Goal of the exercise: What is the count of lines in the data that hold the string "Steine"? State the number alone.

(Collected data)

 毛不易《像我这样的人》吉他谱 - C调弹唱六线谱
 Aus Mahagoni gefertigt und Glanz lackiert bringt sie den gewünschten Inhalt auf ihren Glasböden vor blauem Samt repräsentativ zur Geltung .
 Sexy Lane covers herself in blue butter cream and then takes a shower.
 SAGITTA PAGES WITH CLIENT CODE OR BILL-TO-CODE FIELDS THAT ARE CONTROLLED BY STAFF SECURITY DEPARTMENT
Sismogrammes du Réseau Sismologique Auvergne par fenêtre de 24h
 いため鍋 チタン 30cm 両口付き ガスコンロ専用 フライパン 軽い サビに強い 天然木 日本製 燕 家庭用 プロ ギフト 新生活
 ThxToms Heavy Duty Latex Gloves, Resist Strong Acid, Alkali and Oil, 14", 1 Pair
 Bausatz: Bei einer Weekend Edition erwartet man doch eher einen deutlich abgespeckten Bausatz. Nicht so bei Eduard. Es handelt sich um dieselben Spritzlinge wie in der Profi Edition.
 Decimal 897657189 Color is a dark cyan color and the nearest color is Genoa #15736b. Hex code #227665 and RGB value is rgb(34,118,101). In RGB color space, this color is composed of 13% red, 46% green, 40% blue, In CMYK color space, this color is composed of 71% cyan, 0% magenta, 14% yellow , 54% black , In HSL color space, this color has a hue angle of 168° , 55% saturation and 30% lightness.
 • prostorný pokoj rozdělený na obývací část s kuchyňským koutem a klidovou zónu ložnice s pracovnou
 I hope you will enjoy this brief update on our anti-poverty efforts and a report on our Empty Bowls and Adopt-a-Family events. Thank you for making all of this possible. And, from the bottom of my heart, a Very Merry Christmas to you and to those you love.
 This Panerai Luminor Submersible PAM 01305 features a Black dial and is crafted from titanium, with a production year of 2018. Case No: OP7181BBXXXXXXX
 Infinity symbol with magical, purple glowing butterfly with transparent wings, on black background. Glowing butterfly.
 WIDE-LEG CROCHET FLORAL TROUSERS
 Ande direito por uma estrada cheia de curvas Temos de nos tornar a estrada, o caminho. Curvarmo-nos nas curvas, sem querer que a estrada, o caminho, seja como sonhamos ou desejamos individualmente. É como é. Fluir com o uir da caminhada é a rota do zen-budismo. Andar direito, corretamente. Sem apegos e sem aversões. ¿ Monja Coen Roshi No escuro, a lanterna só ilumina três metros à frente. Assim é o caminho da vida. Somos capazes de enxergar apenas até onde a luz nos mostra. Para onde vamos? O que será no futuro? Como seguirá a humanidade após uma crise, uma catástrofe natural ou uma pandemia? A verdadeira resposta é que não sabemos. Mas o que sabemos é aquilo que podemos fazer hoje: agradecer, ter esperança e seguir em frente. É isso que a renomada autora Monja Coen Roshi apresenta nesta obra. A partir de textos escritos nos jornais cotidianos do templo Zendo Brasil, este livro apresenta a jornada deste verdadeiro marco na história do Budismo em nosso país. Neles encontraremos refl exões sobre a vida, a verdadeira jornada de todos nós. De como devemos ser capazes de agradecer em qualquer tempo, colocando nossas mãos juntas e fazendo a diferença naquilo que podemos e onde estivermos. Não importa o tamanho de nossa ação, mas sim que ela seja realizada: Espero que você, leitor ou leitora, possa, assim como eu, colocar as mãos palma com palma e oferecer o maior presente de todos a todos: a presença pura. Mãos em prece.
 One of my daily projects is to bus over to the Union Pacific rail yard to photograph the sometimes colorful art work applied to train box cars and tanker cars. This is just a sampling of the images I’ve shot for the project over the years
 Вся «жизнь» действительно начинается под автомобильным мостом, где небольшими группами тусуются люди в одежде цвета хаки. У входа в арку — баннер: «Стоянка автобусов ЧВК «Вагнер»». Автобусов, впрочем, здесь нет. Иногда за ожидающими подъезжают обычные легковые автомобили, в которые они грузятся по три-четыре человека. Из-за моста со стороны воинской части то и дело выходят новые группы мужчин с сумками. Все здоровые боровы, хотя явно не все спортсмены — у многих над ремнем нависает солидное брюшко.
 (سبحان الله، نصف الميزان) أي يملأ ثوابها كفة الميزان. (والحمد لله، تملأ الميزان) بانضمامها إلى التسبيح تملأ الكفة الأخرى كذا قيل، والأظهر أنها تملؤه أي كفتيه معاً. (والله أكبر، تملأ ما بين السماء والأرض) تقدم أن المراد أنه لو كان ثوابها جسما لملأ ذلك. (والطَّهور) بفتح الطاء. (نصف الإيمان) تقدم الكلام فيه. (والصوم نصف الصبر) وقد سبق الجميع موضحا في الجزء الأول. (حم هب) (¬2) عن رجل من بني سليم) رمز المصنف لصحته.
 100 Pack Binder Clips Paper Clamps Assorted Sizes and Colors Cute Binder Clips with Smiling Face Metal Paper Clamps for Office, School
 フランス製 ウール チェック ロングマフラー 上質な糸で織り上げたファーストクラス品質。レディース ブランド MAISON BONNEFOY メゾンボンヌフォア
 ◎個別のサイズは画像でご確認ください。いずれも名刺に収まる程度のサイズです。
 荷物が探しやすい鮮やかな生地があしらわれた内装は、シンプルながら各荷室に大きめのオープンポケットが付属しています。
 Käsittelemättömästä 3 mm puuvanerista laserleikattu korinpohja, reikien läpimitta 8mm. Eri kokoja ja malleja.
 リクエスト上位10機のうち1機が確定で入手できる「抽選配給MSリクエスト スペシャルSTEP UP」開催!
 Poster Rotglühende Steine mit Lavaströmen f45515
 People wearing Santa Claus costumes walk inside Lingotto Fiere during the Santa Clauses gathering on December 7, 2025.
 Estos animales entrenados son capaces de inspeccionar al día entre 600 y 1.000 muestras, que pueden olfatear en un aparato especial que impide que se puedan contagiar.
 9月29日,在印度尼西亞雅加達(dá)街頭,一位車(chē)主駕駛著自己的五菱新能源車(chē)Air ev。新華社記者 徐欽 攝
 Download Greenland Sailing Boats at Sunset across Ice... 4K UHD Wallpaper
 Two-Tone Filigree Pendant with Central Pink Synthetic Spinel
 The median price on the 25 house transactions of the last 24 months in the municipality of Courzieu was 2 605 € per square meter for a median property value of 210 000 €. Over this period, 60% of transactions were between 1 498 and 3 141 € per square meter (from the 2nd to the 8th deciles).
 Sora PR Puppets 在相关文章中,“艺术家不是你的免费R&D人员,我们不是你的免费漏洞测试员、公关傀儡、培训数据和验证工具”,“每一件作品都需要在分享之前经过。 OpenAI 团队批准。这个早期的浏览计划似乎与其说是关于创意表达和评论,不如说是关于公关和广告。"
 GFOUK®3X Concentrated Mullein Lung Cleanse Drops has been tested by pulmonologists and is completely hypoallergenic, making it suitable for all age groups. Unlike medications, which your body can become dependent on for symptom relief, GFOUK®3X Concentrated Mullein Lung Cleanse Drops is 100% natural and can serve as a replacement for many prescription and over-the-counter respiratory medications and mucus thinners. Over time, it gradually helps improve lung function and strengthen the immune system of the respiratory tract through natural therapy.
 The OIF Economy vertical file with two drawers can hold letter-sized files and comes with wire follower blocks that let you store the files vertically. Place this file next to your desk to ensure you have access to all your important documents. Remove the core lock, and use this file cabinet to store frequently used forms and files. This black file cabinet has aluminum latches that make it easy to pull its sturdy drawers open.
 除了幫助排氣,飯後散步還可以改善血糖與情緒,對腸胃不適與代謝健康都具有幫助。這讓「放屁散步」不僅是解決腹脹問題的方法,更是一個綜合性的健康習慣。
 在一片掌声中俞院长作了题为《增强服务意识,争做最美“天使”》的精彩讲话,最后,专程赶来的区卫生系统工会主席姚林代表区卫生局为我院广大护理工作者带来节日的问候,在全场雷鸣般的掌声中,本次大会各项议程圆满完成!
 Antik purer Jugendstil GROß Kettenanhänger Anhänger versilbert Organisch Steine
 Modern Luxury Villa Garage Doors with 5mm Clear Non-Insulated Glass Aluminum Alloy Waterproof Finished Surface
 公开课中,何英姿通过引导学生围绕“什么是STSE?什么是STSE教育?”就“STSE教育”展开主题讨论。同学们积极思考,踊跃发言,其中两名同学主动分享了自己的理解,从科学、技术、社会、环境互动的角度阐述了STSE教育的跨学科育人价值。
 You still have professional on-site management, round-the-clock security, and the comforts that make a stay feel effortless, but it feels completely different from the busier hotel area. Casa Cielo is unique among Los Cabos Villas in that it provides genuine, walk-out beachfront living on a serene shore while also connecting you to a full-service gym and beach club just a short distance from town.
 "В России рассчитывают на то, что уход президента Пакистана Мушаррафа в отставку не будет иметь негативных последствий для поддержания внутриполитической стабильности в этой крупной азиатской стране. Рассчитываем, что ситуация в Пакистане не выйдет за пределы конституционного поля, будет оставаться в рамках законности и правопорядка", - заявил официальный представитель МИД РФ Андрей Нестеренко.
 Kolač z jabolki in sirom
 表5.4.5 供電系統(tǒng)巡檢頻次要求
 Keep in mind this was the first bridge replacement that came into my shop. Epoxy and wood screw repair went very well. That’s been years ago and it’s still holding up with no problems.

Task result: 2